Any scale at all with only 3 notes has max variety 3, so let's begin with the 4-note scales. A 4-note scale consists of two parallel 3/2 intervals separated by some other 5-limit interval. Although strictly speaking this could be any other 5-limit interval at all, if the two chains are separated from each other there will be no potential for 5-limit harmony. For these 4-note scales it turns out that all the configurations work, so we can easily list all the possible scales: ...{1/1, 10/9, 3/2, 5/3}, {1/1, 5/4, 3/2, 5/3}, {1/1, 5/4, 3/2, 15/8}, {1/1, 45/32, 3/2, 125/64}... Only the ones where the two chains are lined up closely have good potential for harmony.

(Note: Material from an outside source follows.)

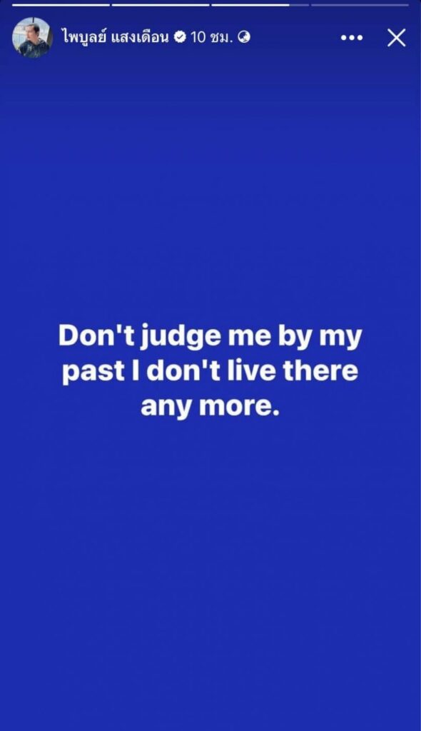 ล่าสุด ครูไพบูลย์ ได้ออกมาเคลื่อนไหวทั้งโพสต์รูปและเปลี่ยนรูปเป็นรูปหัวใจแตกสลาย และโพสต์ข้อความภาษาอังกฤษไว้ว่า “Don’t judge me by my past I don’t live there any more.”

The 5-note scales will consist of a chain of 3 notes and a parallel chain of 2 notes. The 3-note chain has the same pattern as {1/1, 9/8, 3/2}, and in order for it to make an actual max-variety-3 scale, the other 2 notes must fall in between 9/8 and 3/2, and in between 3/2 and 2/1. If either of the notes falls between 1/1 and 9/8, the scale will not be max-variety-3. Let's look at all the scales we get as we move the 2-note chain past the 3-note chain in the 5-limit lattice.

1/1 9/8 40/27 3/2 160/81 ... max variety 3

1/1 10/9 9/8 40/27 3/2 ... fails, max variety 4

1/1 10/9 9/8 3/2 5/3 ... fails, max variety 4

1/1 9/8 5/4 3/2 5/3 ... max variety 3

1/1 9/8 5/4 3/2 15/8 ... max variety 3

1/1 9/8 45/32 3/2 15/8 ... max variety 3

1/1 135/128 9/8 45/32 3/2 ... fails, max variety 4

1/1 135/128 9/8 3/2 405/256 ... fails, max variety 4

1/1 9/8 1215/1024 3/2 405/256 ... max variety 3

Examples testing for MV

MV2

Positive
MV2: For each generic interval class, we find a maximum of 2 different sizes.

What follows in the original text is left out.